* **Prompt**: Repeat exactly the lines of the material below that run from the "Выгода от перепродажи" line to the "Рубашка с отворотом, тонкий" line, including both, and do not carry over any pictures.

* **Material to process**:
━━━━
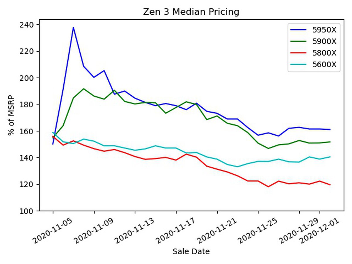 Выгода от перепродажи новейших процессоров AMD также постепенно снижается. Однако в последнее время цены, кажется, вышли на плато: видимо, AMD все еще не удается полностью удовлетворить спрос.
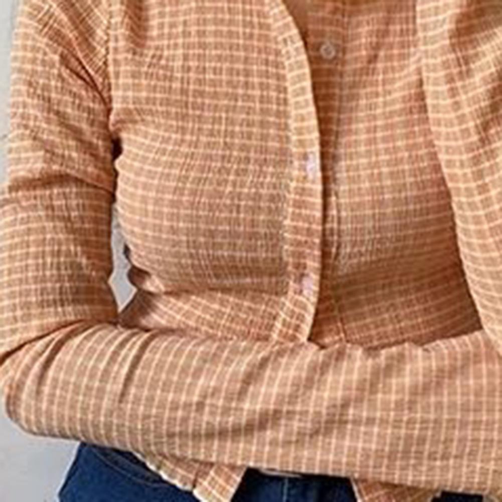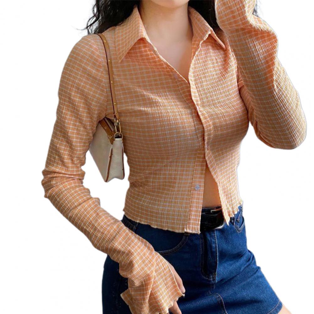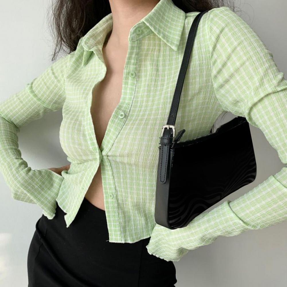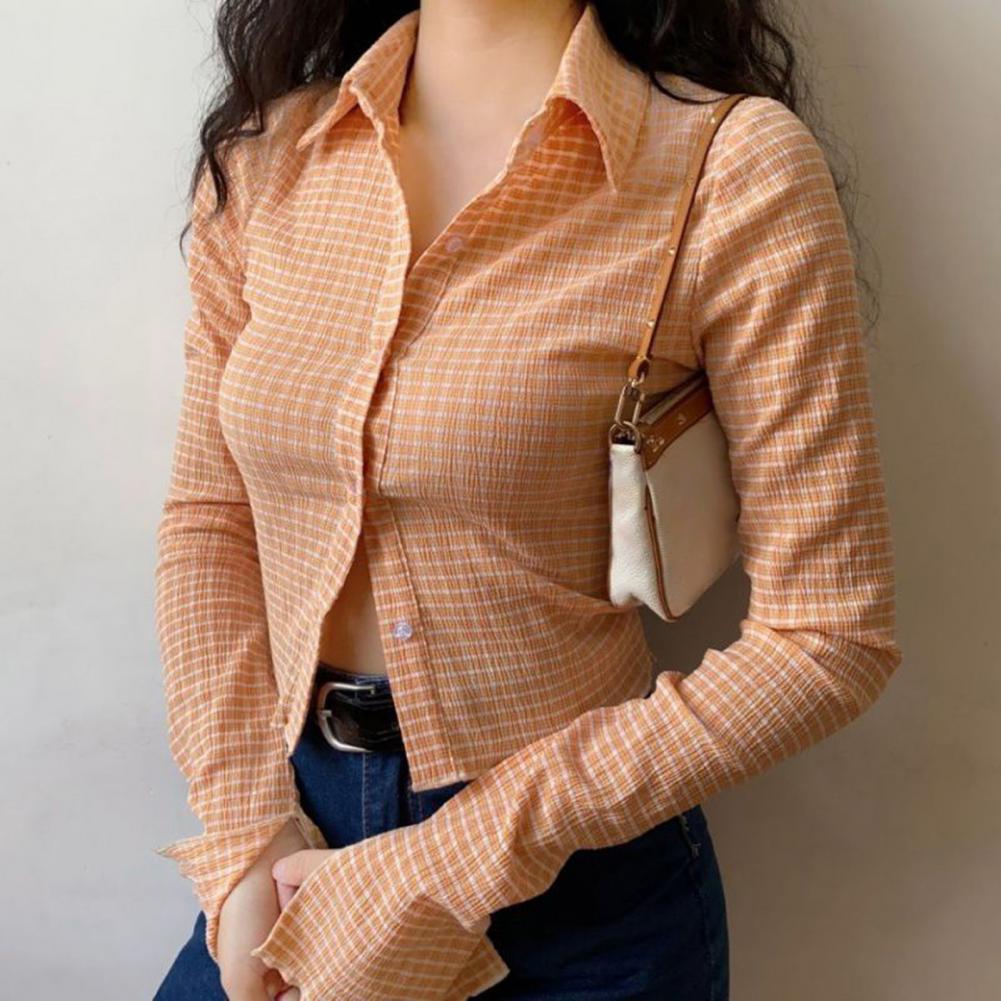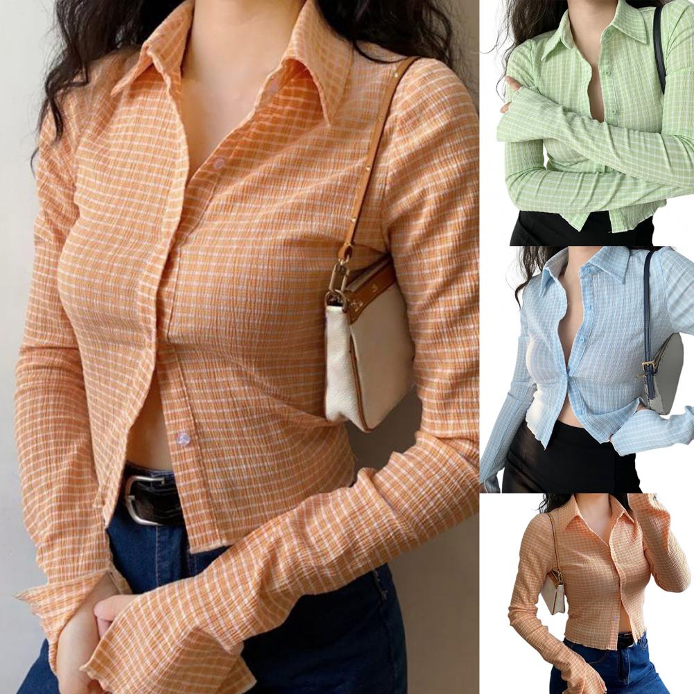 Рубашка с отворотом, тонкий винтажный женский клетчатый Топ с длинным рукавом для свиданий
━━━━
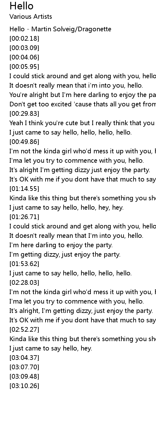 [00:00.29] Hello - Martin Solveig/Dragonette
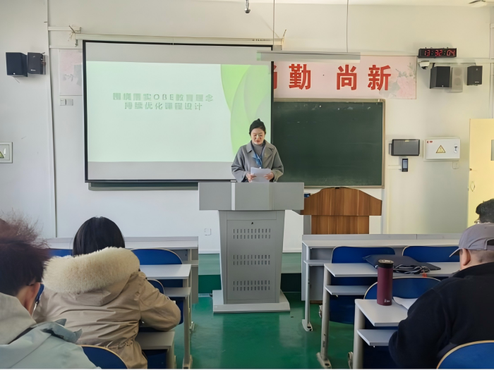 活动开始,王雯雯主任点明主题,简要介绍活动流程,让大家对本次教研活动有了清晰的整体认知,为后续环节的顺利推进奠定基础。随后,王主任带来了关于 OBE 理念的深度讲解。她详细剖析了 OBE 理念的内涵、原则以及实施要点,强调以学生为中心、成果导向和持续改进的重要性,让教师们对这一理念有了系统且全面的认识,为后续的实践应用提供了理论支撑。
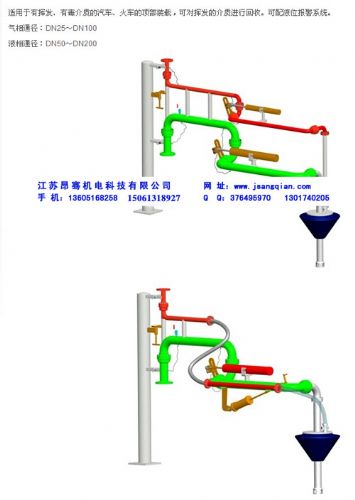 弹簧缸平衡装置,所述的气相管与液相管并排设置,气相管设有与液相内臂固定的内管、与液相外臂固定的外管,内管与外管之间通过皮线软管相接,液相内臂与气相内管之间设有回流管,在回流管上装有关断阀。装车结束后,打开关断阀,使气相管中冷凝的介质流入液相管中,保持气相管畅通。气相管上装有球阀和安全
━━━━
* **Your response**:
 Выгода от перепродажи новейших процессоров AMD также постепенно снижается. Однако в последнее время цены, кажется, вышли на плато: видимо, AMD все еще не удается полностью удовлетворить спрос.
 Рубашка с отворотом, тонкий винтажный женский клетчатый Топ с длинным рукавом для свиданий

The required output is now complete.